2009/11/19
chrome os, wave, collaboration
Something in the news says Chrome OS got a demo today. I don’t even care, since I don’t think what’s being demonstrated — a glorified PDA with internet connection — is, by itself, very interesting. What’s important is what runs on it that can’t be run in another way or with as much ease. What might that be? It seems to me this “novel experience” (not necessarily novel technology) is in the roadmap of Google and other big companies — but only in pieces spread among them, with none of them seeming to have the entirety of it. And that is ridiculous…
So Google has the ideas. Microsoft has the delivery mechanism in the form of the installed base and the ready platform with the ability to propogate via a simple update. Apple has the hardware designs and marketing to get people to adopt. Yet, each is missing the critical pieces held by others. And so we stall in Year 2009 as each company tries to replicate some existing thing that another company is already good at.
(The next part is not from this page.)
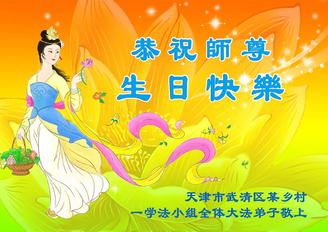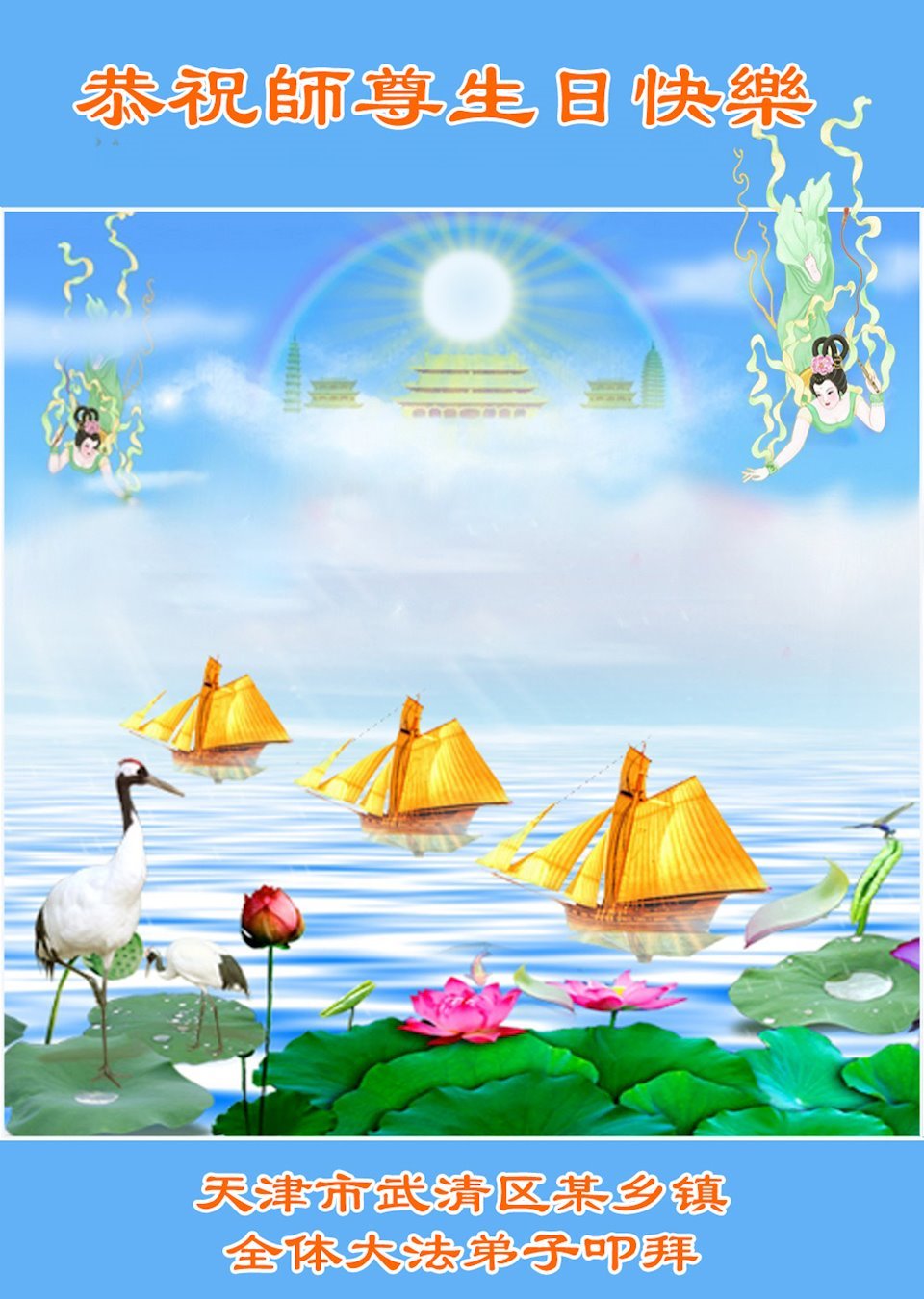 天津市武清区某乡镇全体大法弟子恭贺世界法轮大法日!恭祝师尊生日快乐!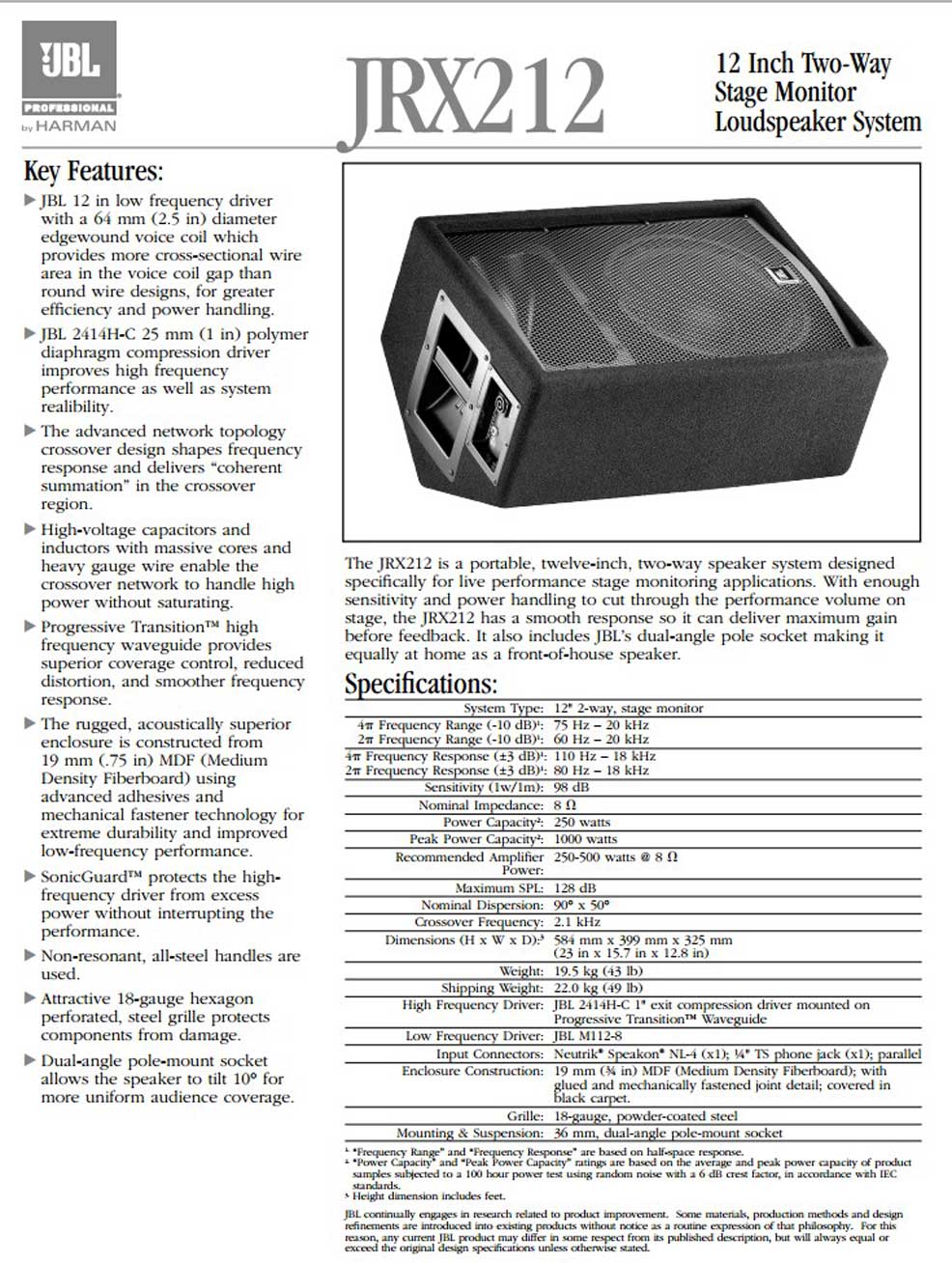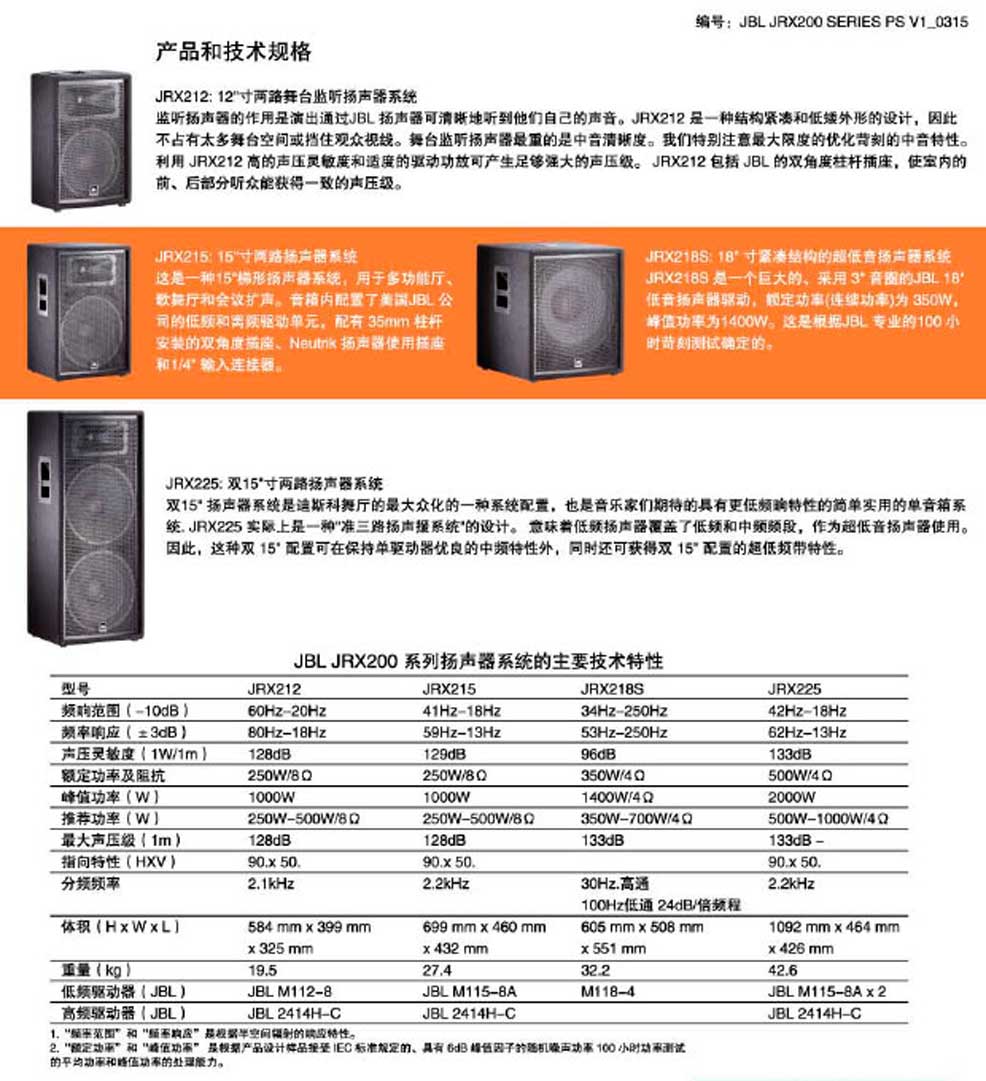 JBL JRX215 舞臺會議室多功能廳音箱 專業音響設備 15寸無源音響 專業揚聲器 會議培訓演出音響系統工程 擴聲系統。JRX215:15" 兩路揚聲器系統 JRX215 和JRX212 固定安裝揚聲器JRX215 和JRX212 是便攜式JRX200 揚聲器系列中的兩個型號產品。兩者都是為懸吊安裝設計的,不適合作疊積和柱桿安裝,因為手柄、腳和柱桿安裝插座都已拆除。3 個內部的金屬螺栓,吊繩穿到附加的M10眼圈螺栓中。在完整的包裝中,提供3 個鍛造眼圈螺栓。其他全部特性與相對應的便攜式揚聲器相同。

(This very good article gives too much credit to Google, I believe. The situation is a lot more symmetrical and Google should not be elevated to a privileged position. The current Chrome OS for netbooks, I believe, is a clear misread of the market. People want a better phone, not a worse computer, and Google will likely fail with this if they make the latter without the former (Android?) catching on first. I think the “PC companies” are not that far behind either. It’s much harder for inexperienced Google to make a good cloud client than for say Microsoft to deliver good cloud integration. In some sense, Microsoft’s lack of execution on this front is due to politics, i.e. lack of will-power to lose a cash cow until it is inevitable, not due to technical barriers.)